What is the mass of water that can be heated from 39 C to 80 C by the combustion of 150 g of methane. CH4 + 2O2 => CO2 + 2H2O Delta H= -890kJ
To calculate the mass of water that can be heated from 39°C to 80°C by the combustion of 150 g of methane, we need to use the concept of heat transfer.
First, let's calculate the heat released by the combustion of methane. The given equation for the combustion of methane is:
CH4 + 2O2 -> CO2 + 2H2O (ΔH = -890 kJ)
The negative sign in front of the 890 kJ indicates that the reaction is exothermic, meaning it releases heat.

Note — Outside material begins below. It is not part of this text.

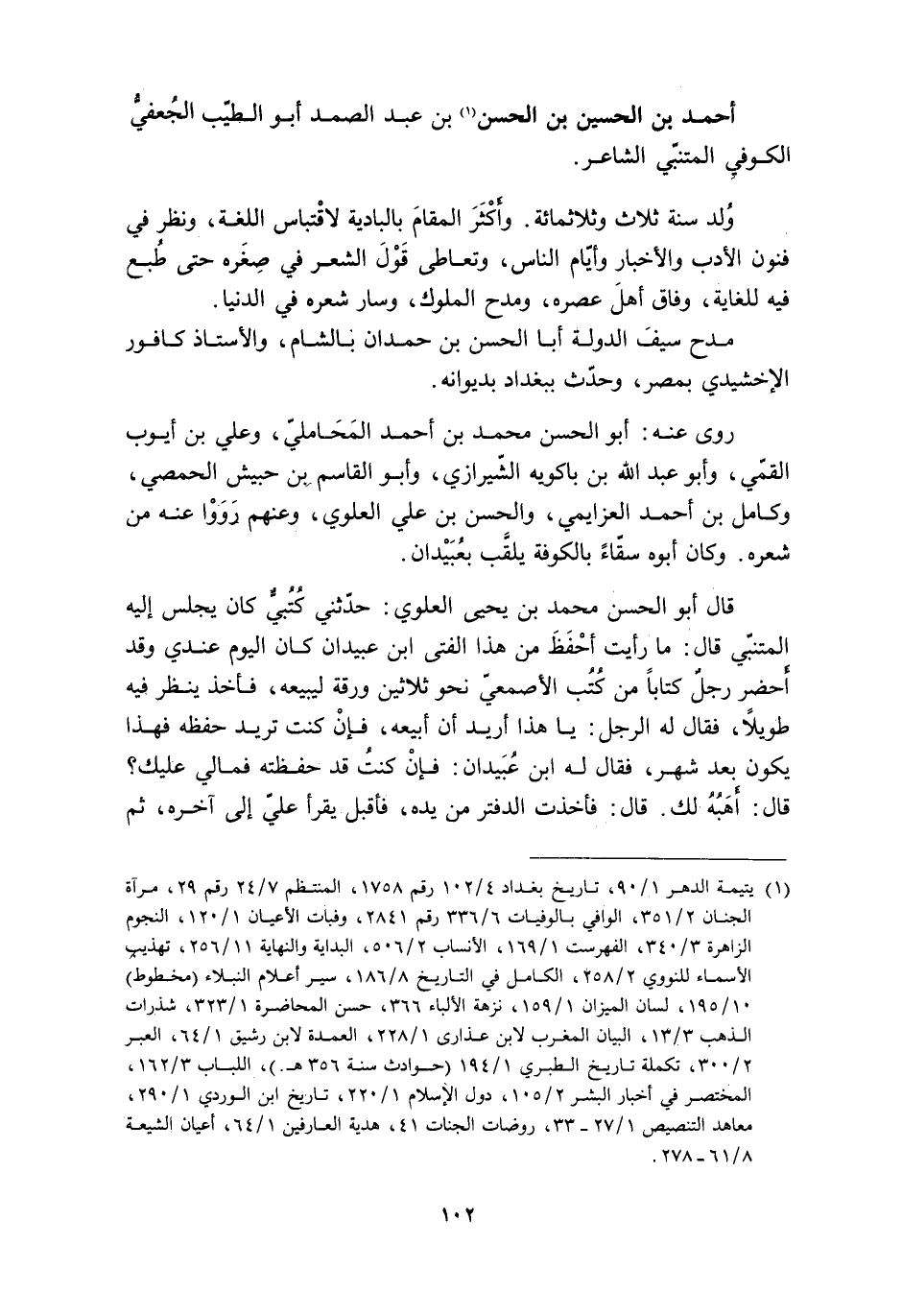 [1] يتيمة الدهر 1/ 90، تاريخ بغداد 4/ 102 رقم 1758، المنتظم 7/ 24 رقم 29، مرآة الجنان 2/ 351، الوافي بالوفيات 6/ 336 رقم 2841، وفيات الأعيان 1/ 120، النجوم الزاهرة 3/ 340، الفهرست 1/ 169، الأنساب 2/ 506، البداية والنهاية 11/ 256، تهذيب الأسماء للنووي 2/ 258، الكامل في التاريخ 8/ 186، سير أعلام النبلاء (مخطوط) 10/ 195، لسان الميزان 1/ 159، نزهة الألباء 366، حسن المحاضرة 1/ 323، شذرات الذهب 3/ 13، البيان المغرب لابن عذارى 1/ 228، العمدة لابن رشيق 1/ 64، العبر 2/ 300، تكملة تاريخ الطبري 1/ 194 (حوادث سنة 356 هـ.) ، اللباب 3/ 162، المختصر في أخبار البشر 2/ 105، دول الإسلام 1/ 220، تاريخ ابن الوردي 1/ 290، معاهد التنصيص 1/ 27- 33، روضات الجنات 41، هدية العارفين 1/ 64، أعيان الشيعة 8/ 61- 278.

Since we know the combustion of 150 g of methane is exothermic and releases 890 kJ of heat, we can calculate the amount of heat released per gram of methane:
Heat released per gram of methane = 890 kJ / 150 g
Next, we need to calculate the heat required to increase the temperature of water. The specific heat capacity of water is approximately 4.18 J/g°C. This means it takes 4.18 Joules of energy to raise the temperature of 1 gram of water by 1 degree Celsius.
Now, we need to calculate the heat required to increase the temperature of water from 39°C to 80°C. The temperature change is 80°C - 39°C = 41°C.
Heat required to increase the temperature of water = specific heat capacity of water × mass of water × temperature change
Since we know that 1 kJ = 1000 J, we need to convert the heat required to increase the temperature of water from kJ to J.
Finally, we can calculate the mass of water by rearranging the equation and solving for mass:
Mass of water = (Heat released by combustion of methane) / (heat required to increase the temperature of water)
Using these calculations, we can determine the mass of water that can be heated from 39°C to 80°C by the combustion of 150 g of methane.